The problem, he explained, is that “People can’t see nature as an asset class, and it’s partly because we don’t have a definable class like we do for carbon. But there are still several ways to do it.” 

How can we protect the integrity of the ecological function of nature for generations to come without just continuously selling and trading it?

Forever Wild is developing models around this, structuring a “unit of nature”. 

While valuing biodiversity is extremely difficult and complex, Forever Wild has created “a unitised structure of effort to lead to a given outcome. We can value the management effort to produce an outcome for biodiversity.” 

“We value the management effort, and we can unitise that. So we assess management effort for threatened species or for an entire ecosystem. We can cost how much it will be to get from point A to point B, or even just to protect it in its current state. 

“That can be unitised and sold as a product, can be sold as an actual unit itself, or we can staple it to a property, to the management of a property, and can onsell it. 

“It is a way to use the system; to bring nature in as a valuable asset. The goal is to simultaneously protect and leverage the vast natural capital of the Earth’s last remaining wildernesses.” 

Investment opportunity

The initiative comprises a core charity linked to profit-for-purpose companies. These companies are the investable vehicles for asset acquisition and co-designed business activities.

Forever Wild is seeking two things from investors — investment in the current opportunity, as summarised below, as well as longer term investment into the Forever Wild initiative and the profit-for-purpose vehicles that it creates. 

The Forever Wild initiative currently has three large-scale properties (225,000 hectares) in Queensland and Western Australia with three primary business lines — carbon, biodiversity and sustainable agriculture. 

Its goal is to have 20,000 square kilometres, or 2 million hectares, under management in Australia by 2023, plus 5,000 square kilometres (500,000 hectares) under management internationally (Africa and South America).
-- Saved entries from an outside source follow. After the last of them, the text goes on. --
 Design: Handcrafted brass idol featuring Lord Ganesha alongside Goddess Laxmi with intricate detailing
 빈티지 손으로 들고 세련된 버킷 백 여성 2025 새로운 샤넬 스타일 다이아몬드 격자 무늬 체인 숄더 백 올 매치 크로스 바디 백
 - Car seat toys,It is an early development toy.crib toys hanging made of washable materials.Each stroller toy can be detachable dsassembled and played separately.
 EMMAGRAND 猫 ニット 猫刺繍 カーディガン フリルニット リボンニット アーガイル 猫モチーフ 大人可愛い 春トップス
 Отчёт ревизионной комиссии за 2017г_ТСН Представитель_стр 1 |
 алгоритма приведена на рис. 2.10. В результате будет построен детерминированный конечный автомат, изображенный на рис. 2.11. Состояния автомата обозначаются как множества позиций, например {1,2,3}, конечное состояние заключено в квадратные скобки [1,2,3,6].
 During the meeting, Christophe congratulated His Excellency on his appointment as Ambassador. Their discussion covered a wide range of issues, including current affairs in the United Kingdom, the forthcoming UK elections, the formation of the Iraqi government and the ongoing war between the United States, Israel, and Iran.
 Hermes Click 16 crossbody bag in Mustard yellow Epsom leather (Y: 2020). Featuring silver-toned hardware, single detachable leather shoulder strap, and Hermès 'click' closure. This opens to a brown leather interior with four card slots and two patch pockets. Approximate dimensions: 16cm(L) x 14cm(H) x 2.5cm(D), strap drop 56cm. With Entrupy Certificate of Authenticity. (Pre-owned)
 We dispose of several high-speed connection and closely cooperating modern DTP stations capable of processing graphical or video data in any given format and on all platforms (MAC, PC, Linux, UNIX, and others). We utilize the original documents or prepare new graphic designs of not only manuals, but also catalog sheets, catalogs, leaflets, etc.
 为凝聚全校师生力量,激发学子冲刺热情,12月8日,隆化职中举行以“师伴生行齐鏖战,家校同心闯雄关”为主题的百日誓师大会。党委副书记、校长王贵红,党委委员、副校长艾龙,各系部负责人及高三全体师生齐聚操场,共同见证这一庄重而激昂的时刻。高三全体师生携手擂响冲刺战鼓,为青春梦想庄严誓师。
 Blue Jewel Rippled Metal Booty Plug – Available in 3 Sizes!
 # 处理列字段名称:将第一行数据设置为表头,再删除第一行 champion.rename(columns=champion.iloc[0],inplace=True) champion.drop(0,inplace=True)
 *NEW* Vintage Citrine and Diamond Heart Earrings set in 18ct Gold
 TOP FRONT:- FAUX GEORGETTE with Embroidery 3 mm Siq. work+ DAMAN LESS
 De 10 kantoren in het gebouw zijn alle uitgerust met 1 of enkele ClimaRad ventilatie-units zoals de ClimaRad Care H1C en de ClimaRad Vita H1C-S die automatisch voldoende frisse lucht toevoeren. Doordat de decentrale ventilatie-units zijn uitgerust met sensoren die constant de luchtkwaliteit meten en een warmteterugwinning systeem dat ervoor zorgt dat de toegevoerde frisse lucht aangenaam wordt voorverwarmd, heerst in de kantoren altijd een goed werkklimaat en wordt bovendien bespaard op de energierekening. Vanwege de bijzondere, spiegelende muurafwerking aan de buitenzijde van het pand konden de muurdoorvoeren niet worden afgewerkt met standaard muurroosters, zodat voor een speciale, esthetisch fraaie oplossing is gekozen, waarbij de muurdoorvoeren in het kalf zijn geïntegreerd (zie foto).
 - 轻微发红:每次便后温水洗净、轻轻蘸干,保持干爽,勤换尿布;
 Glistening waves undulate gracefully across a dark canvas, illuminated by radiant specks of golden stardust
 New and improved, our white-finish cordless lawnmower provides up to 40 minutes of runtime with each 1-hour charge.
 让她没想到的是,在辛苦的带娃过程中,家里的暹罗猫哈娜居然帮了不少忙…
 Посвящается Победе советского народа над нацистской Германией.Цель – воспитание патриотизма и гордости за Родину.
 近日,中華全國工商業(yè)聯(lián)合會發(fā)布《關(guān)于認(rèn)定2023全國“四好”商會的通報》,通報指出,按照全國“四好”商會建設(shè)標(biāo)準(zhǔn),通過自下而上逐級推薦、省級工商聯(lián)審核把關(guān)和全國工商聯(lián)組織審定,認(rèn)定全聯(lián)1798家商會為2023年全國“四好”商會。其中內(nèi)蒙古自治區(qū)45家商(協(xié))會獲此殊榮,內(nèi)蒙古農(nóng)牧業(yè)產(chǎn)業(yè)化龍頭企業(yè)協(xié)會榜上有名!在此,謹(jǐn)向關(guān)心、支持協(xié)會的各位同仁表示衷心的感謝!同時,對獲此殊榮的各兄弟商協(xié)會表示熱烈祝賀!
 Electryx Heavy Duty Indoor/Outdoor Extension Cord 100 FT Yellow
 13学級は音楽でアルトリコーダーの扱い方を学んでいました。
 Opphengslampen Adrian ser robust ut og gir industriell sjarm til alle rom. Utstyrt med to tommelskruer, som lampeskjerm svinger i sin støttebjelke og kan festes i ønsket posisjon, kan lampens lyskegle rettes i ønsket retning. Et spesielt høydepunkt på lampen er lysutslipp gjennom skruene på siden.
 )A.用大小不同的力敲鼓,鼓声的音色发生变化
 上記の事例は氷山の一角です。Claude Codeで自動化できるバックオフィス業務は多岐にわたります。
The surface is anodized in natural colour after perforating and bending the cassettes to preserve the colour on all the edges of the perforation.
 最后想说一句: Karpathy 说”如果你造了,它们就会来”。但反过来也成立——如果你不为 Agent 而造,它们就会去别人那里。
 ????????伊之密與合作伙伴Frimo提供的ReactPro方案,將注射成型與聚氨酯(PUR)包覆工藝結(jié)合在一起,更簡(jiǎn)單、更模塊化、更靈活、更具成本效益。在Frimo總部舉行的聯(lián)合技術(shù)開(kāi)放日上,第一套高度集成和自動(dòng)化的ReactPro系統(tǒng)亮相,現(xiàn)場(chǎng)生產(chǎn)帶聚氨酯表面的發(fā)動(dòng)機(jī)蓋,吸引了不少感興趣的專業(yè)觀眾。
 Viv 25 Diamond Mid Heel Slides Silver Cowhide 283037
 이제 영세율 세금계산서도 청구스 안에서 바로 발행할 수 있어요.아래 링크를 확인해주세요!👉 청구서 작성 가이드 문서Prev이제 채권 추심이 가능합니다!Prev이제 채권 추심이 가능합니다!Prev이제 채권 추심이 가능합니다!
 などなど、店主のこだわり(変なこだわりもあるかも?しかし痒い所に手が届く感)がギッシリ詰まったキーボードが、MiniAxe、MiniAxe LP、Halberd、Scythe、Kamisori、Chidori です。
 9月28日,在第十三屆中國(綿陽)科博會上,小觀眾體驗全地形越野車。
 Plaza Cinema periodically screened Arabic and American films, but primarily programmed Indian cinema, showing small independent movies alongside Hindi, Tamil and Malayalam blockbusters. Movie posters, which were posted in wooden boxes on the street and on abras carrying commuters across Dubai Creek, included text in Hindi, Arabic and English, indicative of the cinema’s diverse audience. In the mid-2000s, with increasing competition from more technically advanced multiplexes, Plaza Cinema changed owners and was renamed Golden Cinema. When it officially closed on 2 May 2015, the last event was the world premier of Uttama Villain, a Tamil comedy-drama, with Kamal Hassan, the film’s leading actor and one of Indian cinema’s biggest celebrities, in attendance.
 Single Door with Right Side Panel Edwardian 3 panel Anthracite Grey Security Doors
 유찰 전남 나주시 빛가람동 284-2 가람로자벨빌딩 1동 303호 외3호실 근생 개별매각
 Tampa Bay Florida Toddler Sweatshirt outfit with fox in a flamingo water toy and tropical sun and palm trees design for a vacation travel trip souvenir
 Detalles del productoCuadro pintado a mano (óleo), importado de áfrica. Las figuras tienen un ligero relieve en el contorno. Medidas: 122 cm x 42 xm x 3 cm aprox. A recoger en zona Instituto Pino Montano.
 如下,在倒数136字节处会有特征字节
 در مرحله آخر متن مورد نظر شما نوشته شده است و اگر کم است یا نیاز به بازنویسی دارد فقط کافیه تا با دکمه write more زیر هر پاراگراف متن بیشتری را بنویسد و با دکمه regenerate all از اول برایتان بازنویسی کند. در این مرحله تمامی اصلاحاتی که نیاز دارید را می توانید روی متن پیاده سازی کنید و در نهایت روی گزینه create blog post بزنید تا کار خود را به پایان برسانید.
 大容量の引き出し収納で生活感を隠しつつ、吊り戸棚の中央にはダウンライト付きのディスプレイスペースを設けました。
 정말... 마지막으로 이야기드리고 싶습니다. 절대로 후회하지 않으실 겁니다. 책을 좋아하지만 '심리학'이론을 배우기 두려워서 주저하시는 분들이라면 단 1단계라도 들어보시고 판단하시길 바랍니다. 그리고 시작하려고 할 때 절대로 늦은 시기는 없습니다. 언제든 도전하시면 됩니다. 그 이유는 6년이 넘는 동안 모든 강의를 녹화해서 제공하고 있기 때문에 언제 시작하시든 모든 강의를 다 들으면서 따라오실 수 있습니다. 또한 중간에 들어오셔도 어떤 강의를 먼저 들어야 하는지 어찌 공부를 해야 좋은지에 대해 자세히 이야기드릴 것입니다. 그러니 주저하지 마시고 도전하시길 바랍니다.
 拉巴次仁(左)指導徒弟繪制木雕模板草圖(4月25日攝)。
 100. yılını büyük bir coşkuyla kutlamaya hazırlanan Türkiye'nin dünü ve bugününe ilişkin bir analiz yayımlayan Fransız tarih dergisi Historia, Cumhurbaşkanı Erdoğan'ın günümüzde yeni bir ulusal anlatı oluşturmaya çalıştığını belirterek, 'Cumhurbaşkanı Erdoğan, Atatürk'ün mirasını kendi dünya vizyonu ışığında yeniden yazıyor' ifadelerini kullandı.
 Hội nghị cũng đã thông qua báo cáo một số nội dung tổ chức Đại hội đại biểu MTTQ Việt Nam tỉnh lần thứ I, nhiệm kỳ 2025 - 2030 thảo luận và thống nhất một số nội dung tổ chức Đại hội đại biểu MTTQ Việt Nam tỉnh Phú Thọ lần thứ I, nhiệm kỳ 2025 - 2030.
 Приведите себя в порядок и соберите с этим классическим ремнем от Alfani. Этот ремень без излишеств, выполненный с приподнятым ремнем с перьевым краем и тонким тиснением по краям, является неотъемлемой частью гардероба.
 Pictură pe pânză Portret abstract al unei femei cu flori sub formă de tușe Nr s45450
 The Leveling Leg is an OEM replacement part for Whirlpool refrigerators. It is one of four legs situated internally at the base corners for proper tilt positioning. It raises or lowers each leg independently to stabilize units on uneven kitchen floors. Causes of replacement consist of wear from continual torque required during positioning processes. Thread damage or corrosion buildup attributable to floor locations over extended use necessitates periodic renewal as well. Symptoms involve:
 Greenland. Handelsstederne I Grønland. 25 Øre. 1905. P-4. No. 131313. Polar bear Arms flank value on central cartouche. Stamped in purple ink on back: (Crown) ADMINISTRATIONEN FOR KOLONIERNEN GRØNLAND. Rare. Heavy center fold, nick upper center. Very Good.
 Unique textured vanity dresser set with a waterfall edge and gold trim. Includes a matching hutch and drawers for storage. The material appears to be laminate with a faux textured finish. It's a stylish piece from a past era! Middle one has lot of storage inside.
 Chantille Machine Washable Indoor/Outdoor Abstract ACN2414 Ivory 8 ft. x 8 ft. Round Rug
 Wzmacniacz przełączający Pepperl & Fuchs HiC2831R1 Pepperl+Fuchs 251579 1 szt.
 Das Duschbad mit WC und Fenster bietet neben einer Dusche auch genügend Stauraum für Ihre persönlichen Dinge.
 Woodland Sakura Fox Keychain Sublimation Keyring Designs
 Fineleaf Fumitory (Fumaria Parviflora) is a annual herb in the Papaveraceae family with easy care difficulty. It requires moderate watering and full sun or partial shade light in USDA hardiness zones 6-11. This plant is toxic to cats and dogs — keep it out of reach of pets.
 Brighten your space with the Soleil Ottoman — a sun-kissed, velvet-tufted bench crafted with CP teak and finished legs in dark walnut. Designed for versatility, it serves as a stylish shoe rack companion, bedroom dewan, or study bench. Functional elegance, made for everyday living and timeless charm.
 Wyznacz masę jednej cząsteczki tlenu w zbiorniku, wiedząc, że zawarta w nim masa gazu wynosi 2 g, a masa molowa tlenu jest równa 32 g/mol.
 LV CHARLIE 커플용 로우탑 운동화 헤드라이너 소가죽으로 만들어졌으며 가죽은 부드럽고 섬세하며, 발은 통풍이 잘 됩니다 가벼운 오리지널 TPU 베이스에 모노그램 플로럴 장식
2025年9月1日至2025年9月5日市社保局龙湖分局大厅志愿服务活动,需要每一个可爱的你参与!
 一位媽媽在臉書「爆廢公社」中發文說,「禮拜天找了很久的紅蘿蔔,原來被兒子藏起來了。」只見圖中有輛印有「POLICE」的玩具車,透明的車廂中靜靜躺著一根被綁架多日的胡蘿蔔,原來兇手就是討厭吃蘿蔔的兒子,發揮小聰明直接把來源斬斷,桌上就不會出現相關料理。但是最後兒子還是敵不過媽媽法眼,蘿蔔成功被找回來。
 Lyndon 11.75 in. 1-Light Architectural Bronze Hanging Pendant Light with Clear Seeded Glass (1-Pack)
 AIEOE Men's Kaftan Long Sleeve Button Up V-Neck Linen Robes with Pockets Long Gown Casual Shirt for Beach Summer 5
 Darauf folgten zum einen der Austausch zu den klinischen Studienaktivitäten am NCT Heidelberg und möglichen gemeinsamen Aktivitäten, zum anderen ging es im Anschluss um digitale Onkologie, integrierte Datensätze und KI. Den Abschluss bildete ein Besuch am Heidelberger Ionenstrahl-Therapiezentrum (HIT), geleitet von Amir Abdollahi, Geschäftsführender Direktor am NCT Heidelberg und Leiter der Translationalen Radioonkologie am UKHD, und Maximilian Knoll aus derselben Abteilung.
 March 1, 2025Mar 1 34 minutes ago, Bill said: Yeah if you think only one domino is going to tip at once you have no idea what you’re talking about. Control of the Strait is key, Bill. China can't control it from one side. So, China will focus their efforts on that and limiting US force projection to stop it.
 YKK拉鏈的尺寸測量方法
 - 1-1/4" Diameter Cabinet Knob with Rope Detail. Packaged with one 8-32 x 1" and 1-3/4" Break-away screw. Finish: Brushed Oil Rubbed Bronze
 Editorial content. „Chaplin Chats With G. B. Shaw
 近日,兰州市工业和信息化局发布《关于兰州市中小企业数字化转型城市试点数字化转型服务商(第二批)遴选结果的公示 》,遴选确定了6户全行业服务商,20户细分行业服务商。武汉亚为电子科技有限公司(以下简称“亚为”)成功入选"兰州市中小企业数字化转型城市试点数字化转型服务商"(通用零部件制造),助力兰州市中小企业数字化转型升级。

Forever Wild is now looking to scale the business model with the acquisition of a pastoral station in the Western Deserts, with subsequent properties in Queensland and WA in the pipeline.

Pastoral Station 

Forever Wild is currently seeking to raise A$3 million as part of its Western Deserts Program. The funding will support large pastoral station in Western Australia, where it will operate three main business lines: 

1. Carbon: An existing, unconditional Carbon Project registered with the Emissions Reduction Fund (ERF) and has an eEstimated 260,000 ACCUs remaining. 

2. Biodiversity: Additional monetizable 260,000+ biodiversity units via an existing agreement with a biodiversity trading company. 

3. Sustainable Agriculture/Cattle: Cattle herd including breeding Santa Gertrudis, with grazing rights over an additional 225,000ha (560,000 acres) on adjoining stations, including the highly productive Salt Bush land types.  The station’s Heritage Homestead also has strong tourism potential.